Przede wszystkim dziękuję za 1k odczytów, nie spodziewałam się że tyle wybije. Wiem dawno nie było rozdziału, ale są wakacje, mam nadzieję że mi wybaczycie 😁 Miłego czytania 😉
Po Jego słowach udaliśmy się do wierzy. Fury wysłał już swoich agentów więc nam pozostało chwilę przypilnować Jelenia i artefaktów...
Pov. Luna Jak się okazało Stark załatwił nam ciuchy na przebranie i lekarza by opatrzył nam rany. Powiedziałam wszystkim, że mają iść się ogarnąć a ja przypilnuje przez ten czas Lokiego, oczywiście zważywszy na moją "śmierć" nie chcieli się zgodzić ale nie przyjmowałam odmowy. Najszybciej odziwo ogarnął się Tony, a myślałam że będzie to Thor w końcu i tak leci do Asgardu, a nie poleci tam w ziemskich ciuchach.
-Już? A myślałam że Thor będzie pierwszy. - rzekłam do Starka - Z tego co mi wiadomo bierze iście królewską kąpiel- powiedział to kierując się do barku - Idź teraz ty się ogarnij ja sobie z nim poradzę, mam zbroję - ostatnie słowa powiedział wskazując na zbroję, ja tylko kiwnęłam głową i skierowałam się do wyjścia - pokój 219 piętro 42
Zjechałam windą na odpowiednie piętro, otworzyłam drzwi ,a moim oczom ukazał się piękny pokój w odcieniach różu i czerni. Na łóżku były ciuchy dla mnie, zabrałam je i udałam się do łazienki wzięłam prysznic, pomalowałam się kosmetykami które znajdowały się w łazience i przebrałam się w ciuchy:
Ups! Ten obraz nie jest zgodny z naszymi wytycznymi. Aby kontynuować, spróbuj go usunąć lub użyć innego.
(bez akcesorii)
Ciuchy pasowały jak ulał. Wróciłam do pomieszczenia, a tam znajdowali się już wszyscy. -Widzę, że dobre ciuchy wybrałem - powiedział Tony podchodząc do mnie z szklanką wypełnioną whiskey -No trafiłeś w mój gust. - wzięłam łyka - niezła - dopowiedziałam machając szklanką, usiadłam na kanapie i czekałam z resztą na agentów.
🖤
Przyszli w końcu ci agenci od Furego. Wzięłam od nich urządzenie do zatkania tej jadaczki jeleniowi i do niego podeszłam. -Jak chcesz coś powiedzieć to jest twoja ostatnia szansa- -To dziwne nieprawdaż? Nie powinnaś była tego przeżyć. I tak wgl ty i... A może coś ... - nie dokończył, bo założyłam mu maskę (?) - Wiedz, że z chęcią bym cię zabiła, a nie oddała do Asgardu. Agenci zabrali Lokiego, a my udaliśmy się za nimi, wszyscy chcieliśmy go już pożegnać...
Central Park
Stoję obok Clinta, naprzeciwko nas kapitan, a Thor na środku, trzyma Lokiego, wszyscy obserwujemy jak Banner wraz z Starkiem i Selvigiem przenoszą sześcian do urządzenia które wyśle bogów do domu. Wszyscy ustawilismy się w kółku, wokół bogów, Thor na pożegnanie kiwnął głową a po chwili ich już nie było.

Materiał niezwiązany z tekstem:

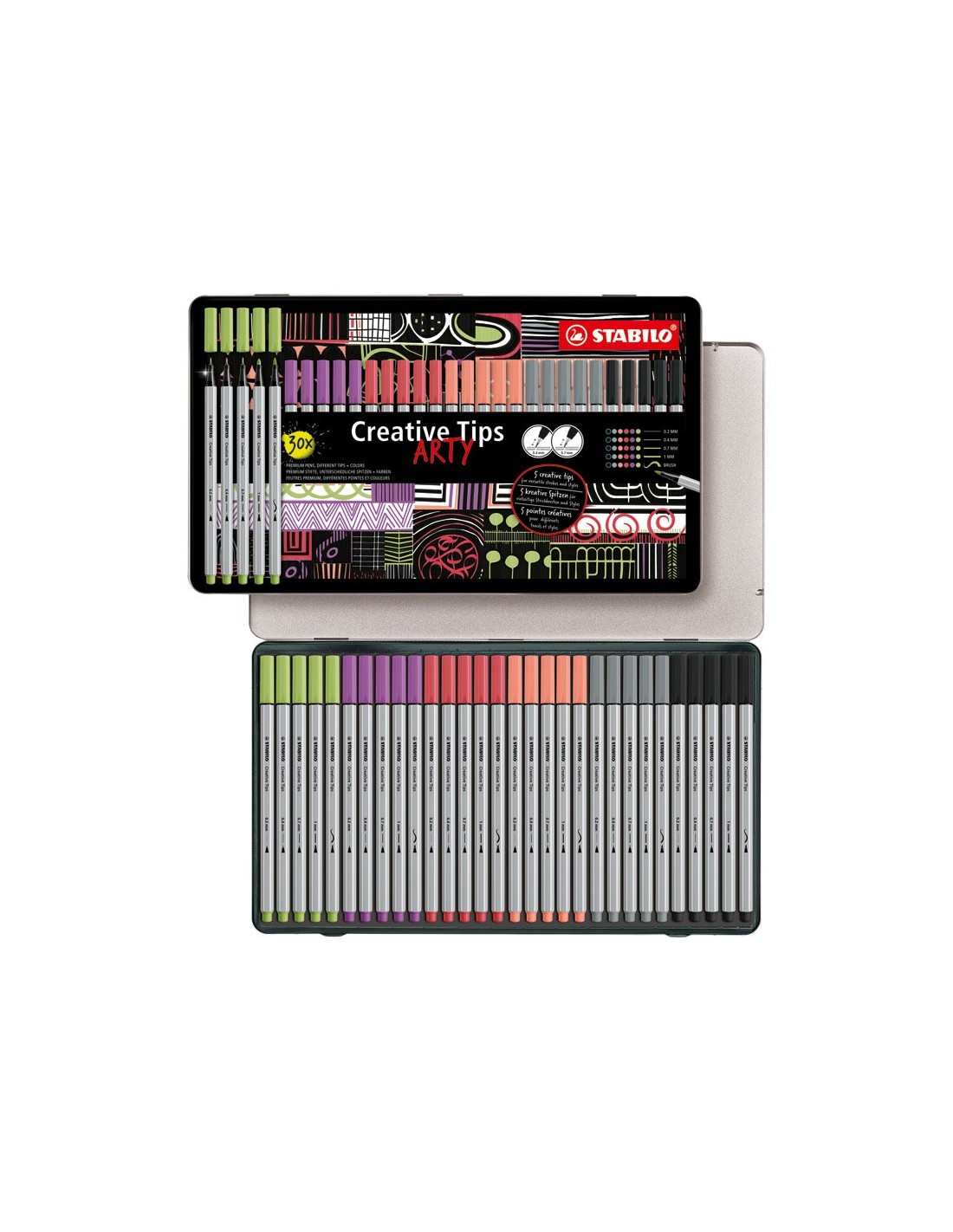 Rotulador Stabilo Creative Tips. Estuche Arty con 30 rotuladores (5 puntasdiferentes) en 6 colores pasteles.
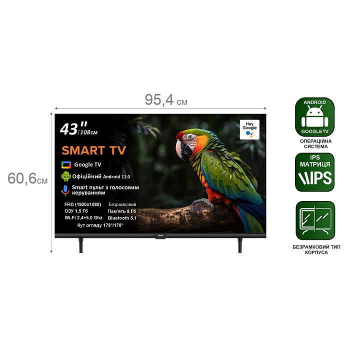 Диагональ::43", Мощность звука::20 Вт (2x10 Вт), Размеры без подставки (ШxВxГ)::954.5х88.2х558.3 мм, Цвет::Черный, Разрешение::1920x1080, Тип::LED, Вес::8 кг, Телетекст::Есть, Формат экрана::16:9, Светодиодная (LED) подсветка::, Таймер::Есть, Разъемы::2 x USB, 2 x HDMI, LAN (Ethernet), USB::Есть, Гарантия::, Размеры с подставкой (ШxВxГ)::954.5х199.2х606 мм, Дополнительно: :, Цифровой тюнер::DVB-T2, DVB-S2, DVB-C, Операционная система::Google TVОфициальный Android 11.0, Стандарт VESA::200x200

Banner udał się do samochodu wraz z Selvigiem z tego co wiem Bruce ma mu pomóc w jakiś badaniach, a Kapitan wraz z Tonym w kierunku auta miliardera, ja stałam chwilę i wpatrywałam się w pustą przestrzeń przedemna. -Halo, tu Ziemia do agentki Luny - powiedział Clint i pomachał mi ręką przed twarzą -Machnij tak jeszcze raz a ci złamię tą rękę-powiedziałam lekko się śmiejąc -Bardzo zabawne. Jak tam? Co z ręką? -Jest dobrze z ręką też. -Ja muszę już lecieć, Laura się zamartwia i... -Jasne leć. Pozdrów ją odemnie -A może byś do nas wpadła? Pamiętaj mamy dużo miejsca, możesz... -Nie Clint, muszę tu zostać. - Praca czy coś innego? - powiedział spoglądając na Starka -Oj Barton musisz odpocząć bo zaczynasz majaczyć. I nie wiem czy zostanę w TARCZY. Może zacznę działać na własną rękę? - Ciekawe co się stało, że Ty najwierniejsza agencji, zaczęłaś tak mówić? - westchnął i kontynuował - Będę tęsknić, najważniejsze nie zrób żadnych głupot - przytulilismy się i poszedł do swojego samochodu.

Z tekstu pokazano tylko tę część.